Vanilla was introduced to Madagascar around the year 1880 by colonial France via the neighboring island of La Réunion. The north-eastern part of the island, today the SAVA region, became the vanilla growing region under French colonial rule due to its well adapted climate and geography. Today, the SAVA Region is the largest vanilla producing area worldwide, with an estimated 70,000 smallholder farmers producing 80-90% of the Malagasy bourbon vanilla on ~25,000 hectares of land (ILO 2011). This has made Madagascar the producer of between 50 – 80% of all global vanilla in the past 10 years (FAO stat 2018). Currently, vanilla is Madagascar’s most important export commodity accounting for 19 % of all export value (OEC 2017).

Cultivated by smallholder farmers, vanilla farming is labour-intensive as it is produced using traditional farming methods. Without mechanisation or agricultural inputs, farmer manually clear plots, plant tutor trees and vanilla vines, weed and hand pollinate each vanilla flower.

The approach of the Malagasy government to the vanilla market has changed over the years. Through the 1970s until the early 1980s, the Malagasy government exercised a monopoly over the vanilla market.
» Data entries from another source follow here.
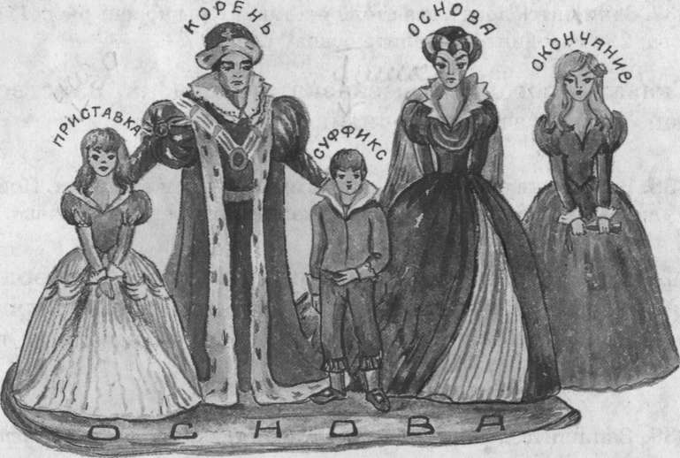 и платье старенькое, и место последнее. И рассказывая на балах о графстве Слово, она всегда говорила, что живут они вчетвером: Приставка, Корень, Суффикс и она - графиня Основа.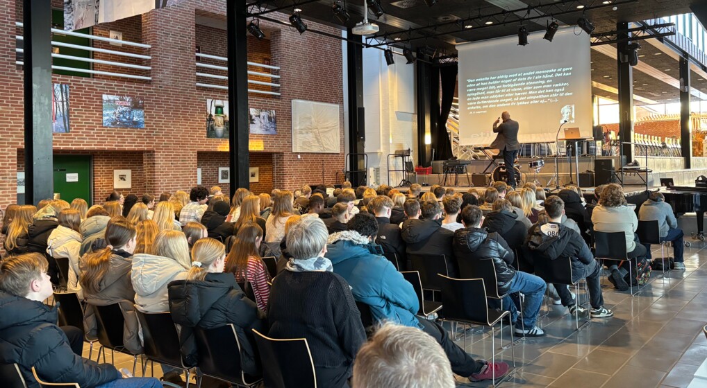 Gymnasiepræst Sofie Gjørup Winkel fortalte elever i 9. klasse om begrebet værdier, da Hvad er Meningen? blev afholdt på Fjerritslev Gymnasium 14. januar 2026. Foto: Anna Margrethe Dige Saxild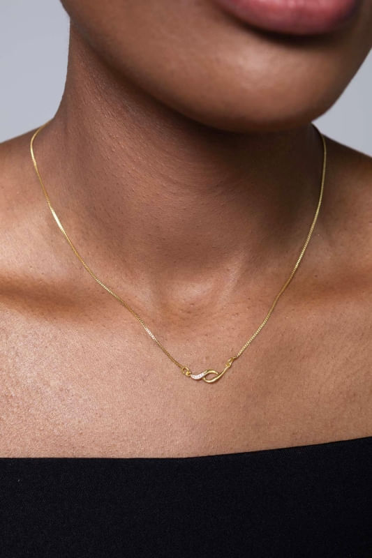 A corrente de 45 cm proporciona um caimento confortável e equilibrado, posicionando os pingentes de forma harmoniosa no colo e destacando seu visual diferenciado.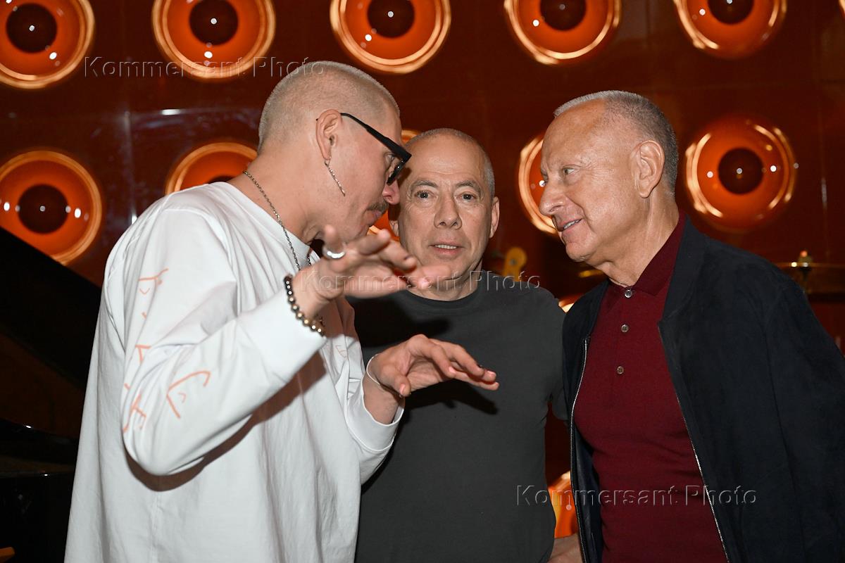 Ужин по случаю открытия азиатского ресторана-клуба от Novikov Group Kaifuso. Рестораторы Денис Бобков (слева) и Аркадий Новиков (в центре) на ужине.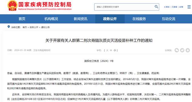 2024年1月,国家疾病预防控制局等6部门发布《关于开展有关人群第二剂脊髓灰质炎灭活疫苗补种工作的通知》。

Agricultural policies emphasized state control of prices and marketing, export taxes on crops, and a protection of the domestic industries (Cadot et al. 2008). The structural adjustment policies of the World Bank from 1995 to 1997 gradually liberalized the vanilla market opening the door for competition, a diversity of actors and a free market system. This process drove up farm gate prices but has contributed to price volatility (Cadot et al. 2008). Ten years ago, the Malagasy Government’s role was restricted to setting the date of vanilla marketing, and setting sanitary and quality inspections (ibid). Currently (2018), several additional regulations exist, ranging from a prohibition of early vanilla harvesting via temporal restrictions on vanilla local transport and international exports to the restrictive issuance of export licences.

With recent dramatic increases in vanilla prices, increasing insecurity came along. Vanilla theft in the fields and in the curing process have become a wide spread problem in the region
Consequently, many farmers spend substantial resources during the last two to three months before harvest guarding their fields against thieves and robbers.
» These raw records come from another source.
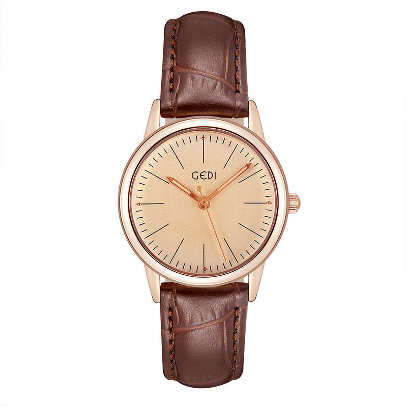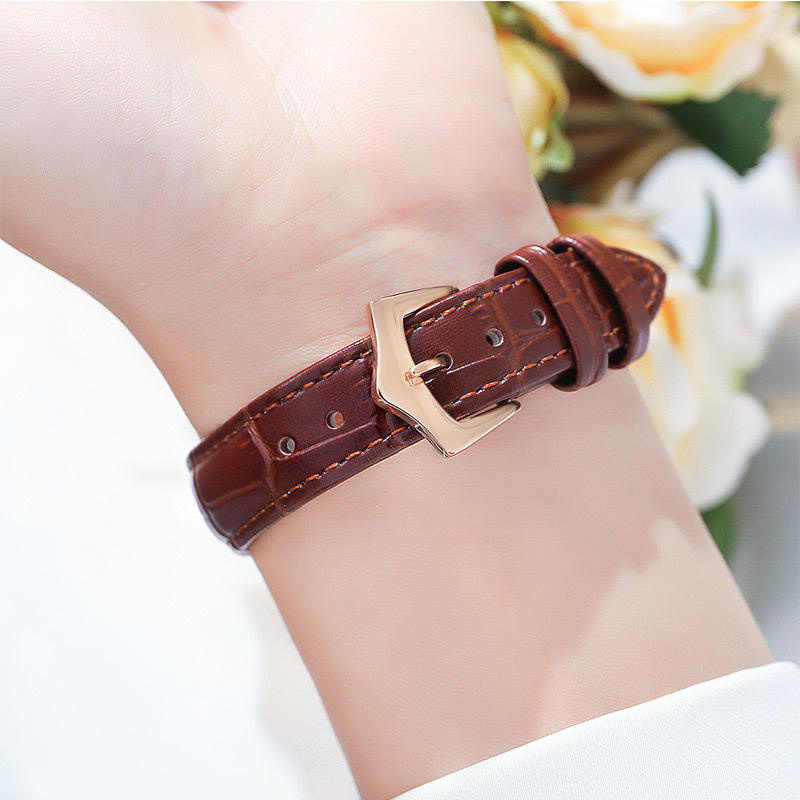 นาฬิกาควอตซ์สายหนังลายไม้ไผ่คลาสสิกเรียบง่ายสำหรับสุภาพสตรีนาฬิกากันน้ำย้อนยุค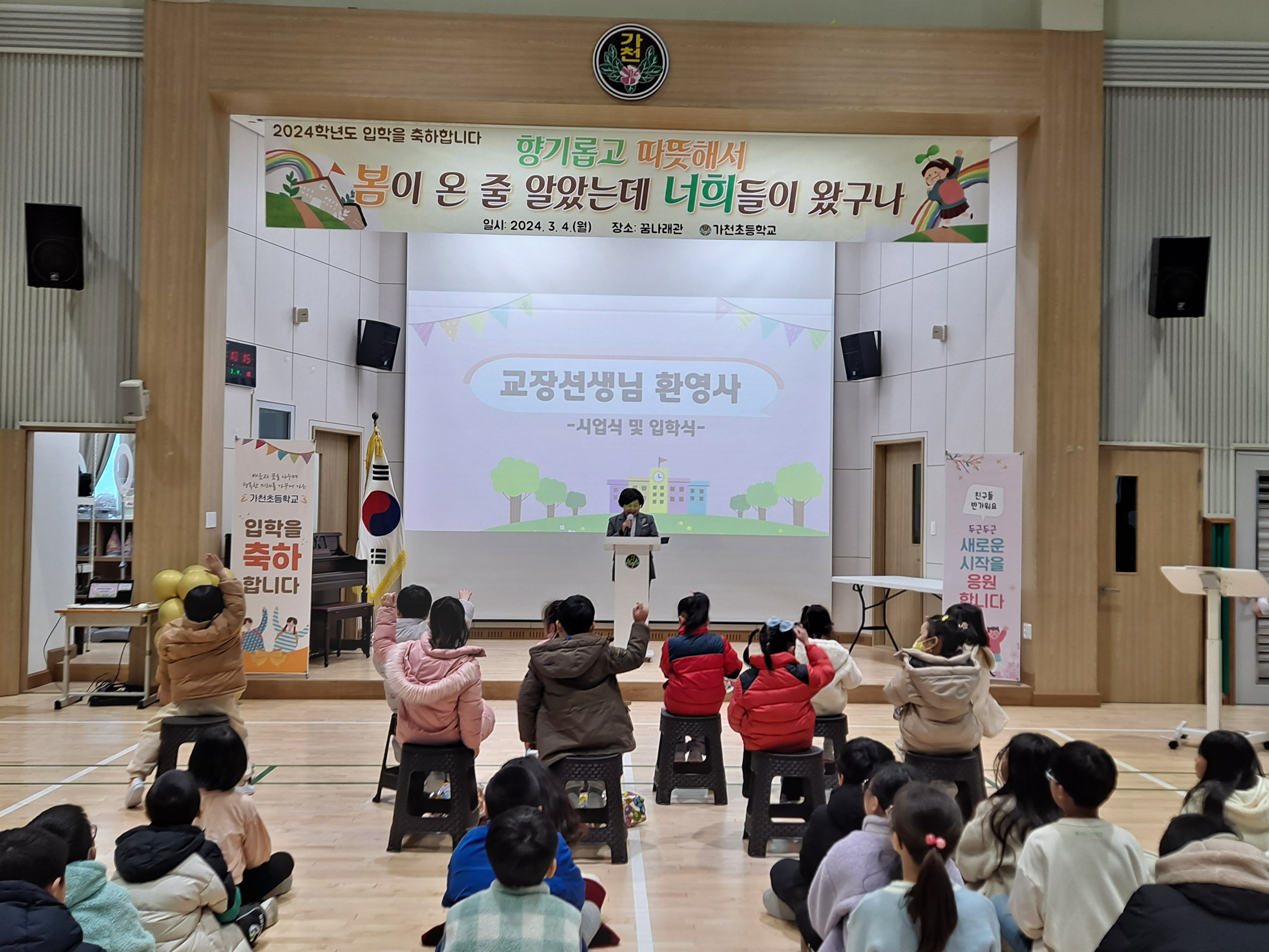 3월 4일 월요일, 가천초등학교 및 병설유치원(교장 강의선)에서는 학부모가 참석한 가운데 초등학교 신입생 4명, 유치원 6명을 대상으로 ‘2024학년도 입학식’을 가졌다.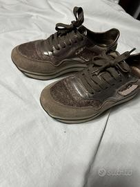 Vendo paio di scarpe hogan platform originali, senza scatola, in camoscio marrone e paillettes, numero 37,5.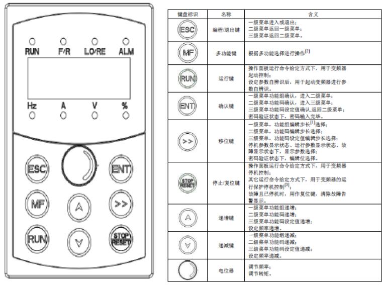 控制面板有啟動/停止旋鈕,速度調(diào)節(jié)旋鈕,變頻器顯示和設(shè)置小面板,還包括運行、蜂鳴、告警指示燈,*作簡單。

Alternatively, farmers harvest immature vanilla in order to reduce the risk of theft affecting negatively on the quality of the product.

These present major challenges for smallholder farmers in Madagascar of whom the large majority depend on an informal vanilla market beleaguered by a multiplicity of middlemen (Packer 2008,
Fairfood International 2014). Other challenges include the complex production cycle of vanilla and climate-related disasters as the region is regularly hit by cyclones.
These repeating devastations to vanilla fields impact the global vanilla supply and have global impact on its prices (Brown 2007).
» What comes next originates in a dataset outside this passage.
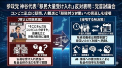1: 名無し 2026/01/27(火) 20:15:32.18 ID:KaMiYa2026 参政党の神谷宗幣代表は26日に行われた党首討論会で 外国人政策について「移民の大量受け入れは反対」とした上で 労働力不足への対応として社会全体の効率化を訴えました神谷氏は「地方や都市部に乱立するコンビニにそれだけの数が必要か」と疑問を投げかけ 単純労働を安易に外国人に委ねるのではなく AIや自動運転などの機械に置き換えるべきだと主張しています高度人材については定住の選択肢を認めつつも 単純労働については期間を限定して帰国していただく制度の見直しが必要だとの認識を示しました Yahoo!ニュース(ABEMA NEWS) ■要約 ・参政党の神谷代表が党首討論会で移民の大量受け入れに反対を表明 ・「そこにそんだけコンビニいりますか」と店舗の乱立と労働力配分に疑問 ・単純労働者は期間を区切って帰国していただく制度への見直しを提唱 ・安易な受け入れではなくAIや機械への置き換えによる社会の効率化を強調 ・外国人労働者に依存し続けることは社会全体の活力を奪うと警鐘 自分が住んでる市町村が金持ちかどうか一発でわかる画像見つけた!!! 【朗報】 コーエーテクモの女帝、まだまだ無双wwwwwww マンション高騰で人気爆発「狭小住宅」のデカすぎる落とし穴……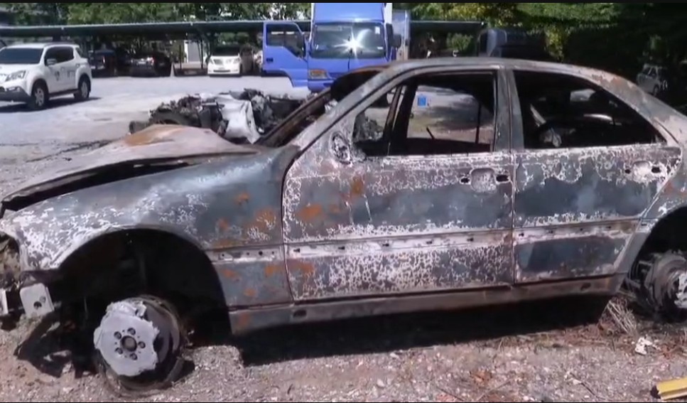 ส่วนรถคันที่ 3 เป็นรถกระบะยี่ห้อโตโยต้า วีโก้แชมป์ สีเทา ฝากระโปรงหน้าได้รับความเสียหาย โดยรถทั้ง 3 คัน ถูกนำมาจอด เก็บไว้ที่ สน.ธรรมศาลา

In 2003, long droughts across Madagascar followed by a devastating cyclone affected local production – even wiping out much of the warehouse stock.
This caused a boom in prices, which was immediately followed by a dramatic price bust

Following the price spike in 2002-2003, an increasing number of national exporters and international flavour houses started Contract Farming Arrangements (CFAs) with vanilla producers.
Such agreements were virtually absent in the vanilla sector prior to this price spike (Packer 2008, Sielaff et al. 2014).As of today (2019) about 15% of all vanilla farmers in SAVA Madagascar are in CFAs with an exporter, collector or other formal business partner today.

A few international flavour houses have established sourcing centers in the SAVA Region. They are either competing or partnering with traditional collectors, importers and exporters. Contracted vanilla farmers receive a varying combination of benefits. The benefits can include price premiums, access to credit, and support for income diversification, technical assistance, vocational training, educational support and free health insurances.